Overall, languages seem to have intriguing similarities and differences which CMU-MOSEAS allows for studying.
3.6. Multimodal Feature Extraction
Data points in CMU-MOSEAS come in video format and include three main modalities. The extracted descriptors for each modality are as follows:
Language and Forced Alignment: All videos in CMU-MOSEAS have manual and punctuated transcriptions. Transcriptions are checked and corrected for both (see Section 3.1). Punctuation markers are used to separate sentences, similar to CMU-MOSEI. Words and audio are aligned at phoneme level using Montreal Forced Aligner (McAuliffe et al., 2017). This alignment is subsequently manually checked and corrected.
Visual: Frames are extracted from the full videos at 30Hz. The bounding box of the face is extracted using the RetinaFace (Deng et al., 2019b). Identities are extracted using ArcFace (Deng et al., 2019a). The parameters of both tools are tuned to reflect the correct number of identities. Multi-Comp OpenFace 2.0 (Baltrusaitis et al., 2018) is used to extract facial action units (depicting facial muscle movements), facial shape parameters (acquired using a projected latent shape by Structure from Motion), facial landmarks (68 3D landmarks on inside and boundary of face), head pose (position and Euler angles) and eye gaze (Euler angles). Visual feature extraction is done at 30Hz.
Acoustic: We use the COVAREP software (Degottex et al., 2014) to extract acoustic features including 12 Mel-frequency cepstral coefficients, pitch tracking and voiced/unvoiced segmenting features (Drugman and Alwan, 2011), glottal source parameters (Childers and Lee, 1991; Drugman et al., 2012; Titze and Sundberg, 1992; Alku, 1992; Alku et al., 1997, 2002), peak slope parameters and maxima dispersion quotients (Kane and Gobl, 2013). Similar features are also extracted using OpenSmile (Eyben et al., 2010). Acoustic feature extraction is done at 100Hz.
Dataset and features are available for download from the CMU Multimodal SDK, via the link https://bit.ly/2Svbg9f. This link provides the most accurate and up to date scoreboard, features and announcements for future readers. The original videos require submission of an EULA to the authors of this paper.
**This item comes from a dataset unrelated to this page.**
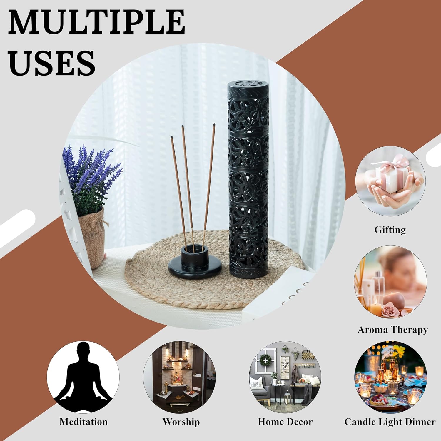 - ⨠FRAGRANCE DECORATIVE TOWER BURNER : This can be used For Home Decor , Mandir Decor , Temple Decor , Corner Decor , Incense Stand & Gift. It is said that the incense tower increases positive energy and drives away negative energy. The pure air is like health food for the brain and the body, resulting in an increased motivation and energy level.

EULA may change to reflect the latest privacy rules. Users in different countries and jurisdictions may need to submit additional forms.
4. Experimental Baselines
In this section we establish baselines for CMU-MOSEAS dataset. We choose a state of the art transformer-based neural model for this purpose. The model has shown state-of-the-art performance across several multimodal language tasks including multimodal sentiment analysis and emotion recognition. The CMU-MOSEAS dataset is split in the folds of train, validation and test (available on the CMU Multimodal SDK). What follows is a brief description of the baseline model.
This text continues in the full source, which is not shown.